Il quarto giorno è stato quello delle scelte all’ultimo minuto. Non avevamo pianificato nulla nello specifico, sapevamo solo che ci saremmo diretti sull’Isola di Sant’Antioco. Abbiamo raggiunto l’isola con la nostra vettura attraversando un ponte, ma anche il traghetto è un’opzione possibile. Ci siamo diretti al Faro Mangiabarche (N 39° 4′ 33.265” E 8° 21′ 1.177”), un luogo a pochi noto e di cui siamo venuti a conoscenza tramite Instagram. Il faro solitario si trova sullo scoglio punta Mangiabarche, e il suo compito è evitare che le imbarcazioni s’incaglino nelle rocce affioranti. Quel giorno c’era nuvoloso e ciò ha reso il faro e il paesaggio ancora più affascinanti.

Anche la seconda tappa sull’isola la dobbiamo a Instagram: l’Arco dei Baci (N 38° 59′ 41.575” E 8° 23′ 15.928”). Si tratta di una spiaggia a carattere roccioso caratterizzata dalla presenza di un arco di roccia che sta sopra una piscina naturale. Purtroppo il mare mosso ci ha permesso di ammirarlo solo dall’alto.
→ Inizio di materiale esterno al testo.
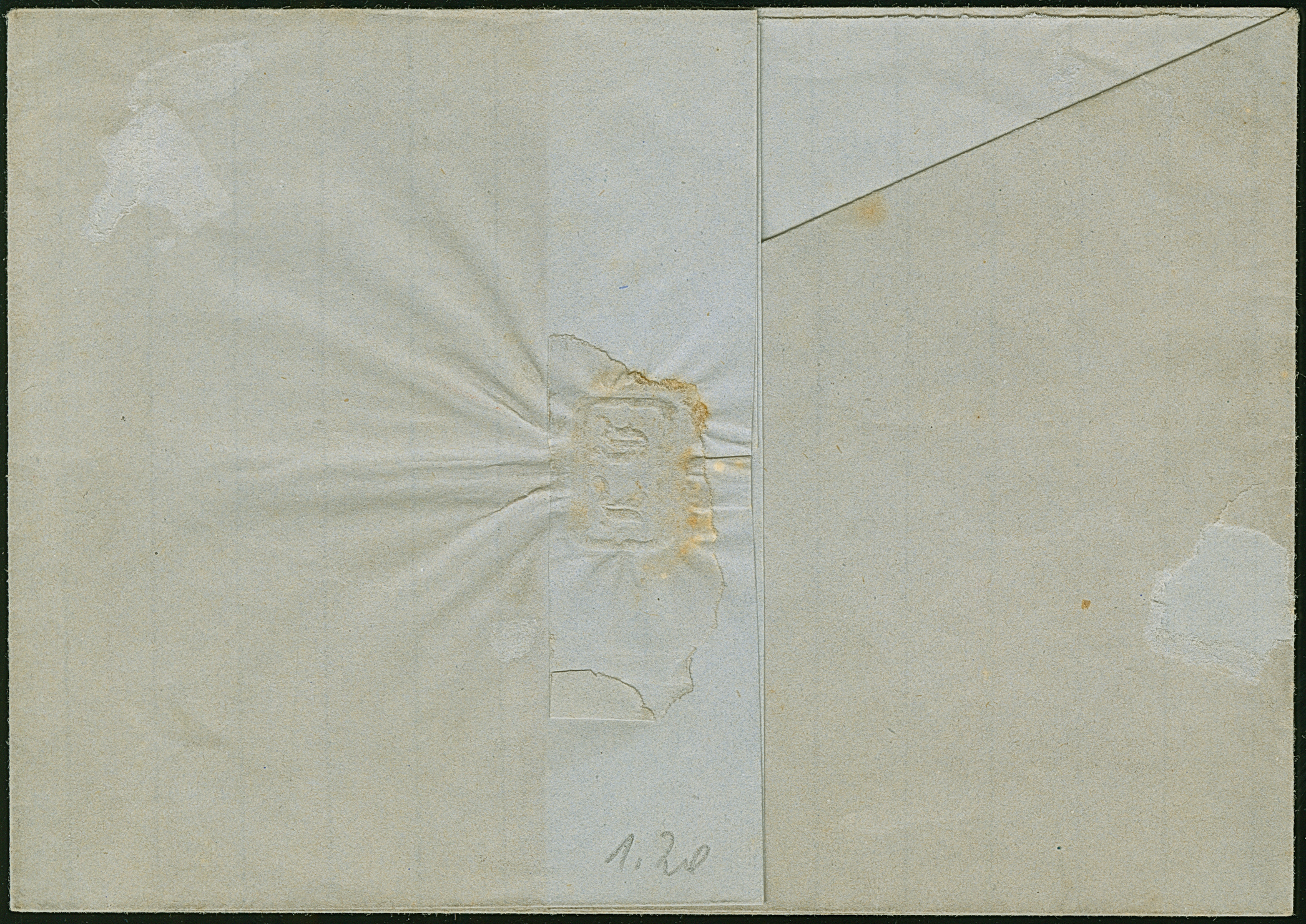 1 Ngr. auf mattgraurot, voll- bis breitrandig, mit Nr. "159" und nebengesetztem Einkreisstempel "OBERWIESENTHAL 30 11 61" auf Briefkuvert mit dekorativer, farblos geprägter Zierborde, nach Meißen. Die Marke wohl durch die prägungsbedingte Knitterspuren im oberen Bereich, sonst schöne Erhaltung.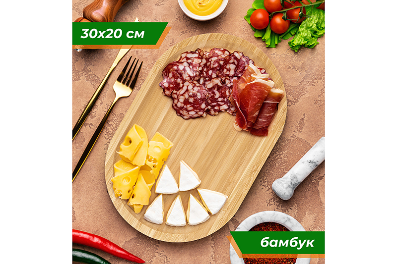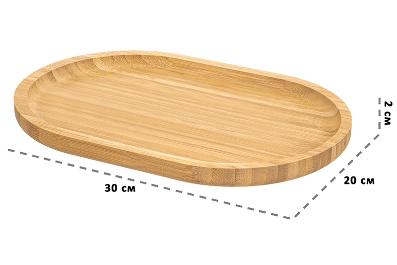 БЫЛО 696 руб! Поднос сервировочный 30*20*2 см, овальный, бамбук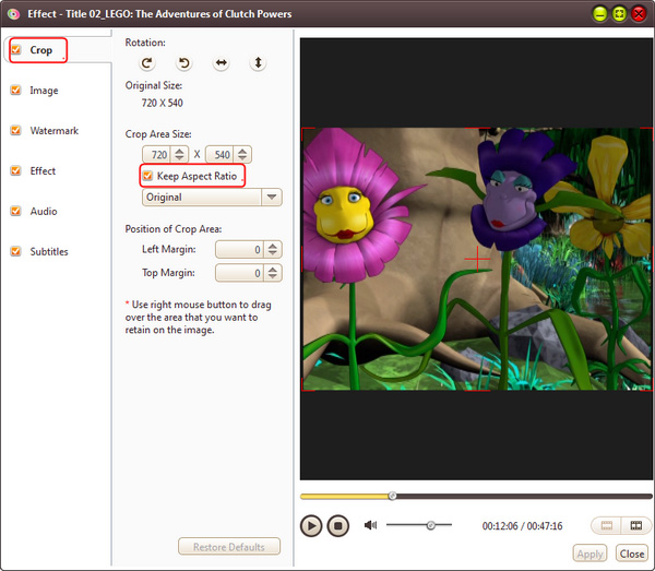 Besides, you can also check "Keep Aspect Ratio" option and choose the aspect ratio from the drop-down list. Click "Restore Defaults" to restore all settings to default, and preview the real-time efxfect in preview window on the right.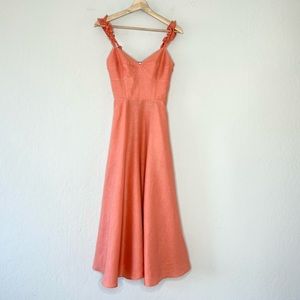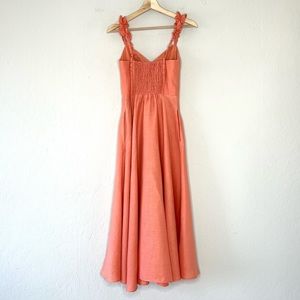Gorgeous peach pink 100% linen dress with ruffled adjustable shoulder straps and a flared midi hem. Bustier style top, smocked back, zipper closure, side pockets, unlined hem.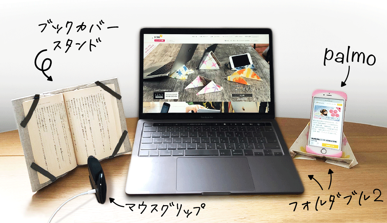 「ECBBブックカバースタンド」を使ってブックスタンドとして本を開き、フォルダブル2をスマホスタンドやノート型パソコンのスタンドとして利用し、先日BOOSTERでも販売されていたマウスグリップをつかえば快適なリモートワーク環境が構築されるはずです。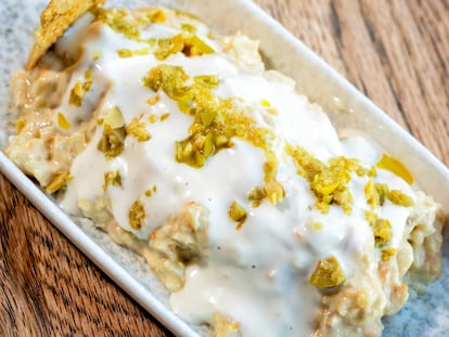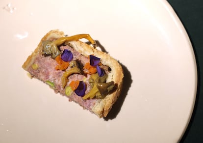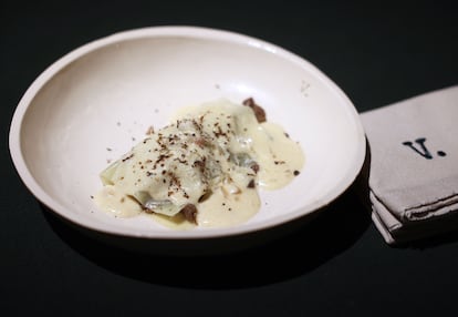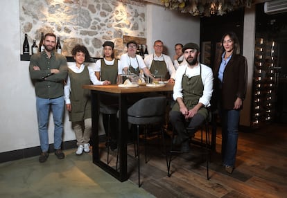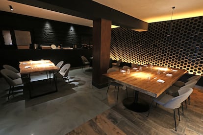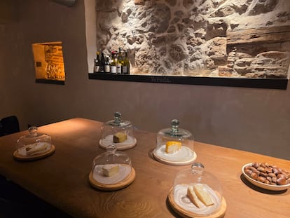 “El cuerpo me pedía más”, asegura. Hace un año empezó a rondarle la idea de instalarse en Ávila, precisamente en el lugar en el que ha acabado. Para ello, se ha aliado con Rodrigo Acebes, empresario vinculado a la hostelería y propietario del edificio. El restaurante es cálido y acogedor, repartido en dos alturas, con luces que enfocan directamente a las ocho mesas, donde pueden sentarse una treintena de comensales. Nada más traspasar el umbral, una amplia mesa de madera exhibe un cuenco con castañas y una selección de cinco quesos cubiertos con cúpulas de cristal. La cocina, abierta a la sala, es el alma del espacio: el cliente puede observar cómo se pelan unas pencas de acelga. “Aquí no se abren botes ni hay cuartas ni quintas gamas”, enfatiza el cocinero. Es el mensaje que desea transmitir: “Las alcachofas se comen ahora, no en verano. Respetamos la temporalidad de los productos”.

Foto dall'alto dell'Arco dei Baci, in Sardegna

L’ultima tappa sull’isola è stato l’ex semaforo di Capo Sperone (N 38° 58′ 1.548” E 8° 24′ 38.615”). Dismesso nel 1957, i suoi resti sono adagiati sulla sommità di una collina. Lo definiremmo uno dei tanti gioielli della Sardegna abbandonata.

Visita all'ex Semaforo di Capo Sperone in Sardegna

Nel primo pomeriggio siamo ripartiti, direzione Cagliari dove abbiamo trascorso l’ultima notte. Purtroppo la pioggia non ci ha permesso di visitarla come avremmo voluto.

2 TAPPE SULLA COSTA EST

In due giorni differenti rispetto al nostro road trip, abbiamo visitato due posti che non possono mancare nel vostro itinerario.

La Gola di Gorroppu.

È un profondo canyon ubicato nel Supramonte. I percorsi per raggiungerla sono 2, noi abbiamo optato per quello più lungo ma meno impegnativo. Abbiamo parcheggiato al bar Sa Barva (N 40° 13′ 28.637” E 9° 30′ 58.184”) e intrapreso un cammino di circa 2 ore. Una volta arrivati alla Gola il biglietto d’ingresso costa 5€ e ci sarà il personale addetto che vi spiegherà come muovervi all’interno. I percorsi da seguire, infatti, si dividono in tre colori: il verde è quello accessibile a tutti, il giallo è più impegnativo, mentre il rosso può essere eseguito solo con una guida. Noi ci siamo fermati al verde. Il percorso è molto suggestivo e il canyon, considerato il più profondo d’Italia, è unico nel suo genere.

TIP: vi consigliamo di arrivare presto la mattina perché, soprattutto in estate, può diventare molto affollato.

Cala Goloritzè

Qualcuno di voi avrà sicuramente già sentito parlare di questa cala, tra le più famose in Sardegna. Nota per le sue acque turchesi, l’arco naturale e la celebre guglia di Monte Caroddi a forma di piramide, la cala è raggiungibile via terra attraverso un percorso a piedi di circa un’ora e mezza e il pagamento di un ticket di 6 euro, oppure via mare attraverso i vari servizi di navigazione. Il parcheggio, nonché punto di partenza del percorso a piedi, è adibito anche per il pernottamento con tenda o camper, che noi consigliamo.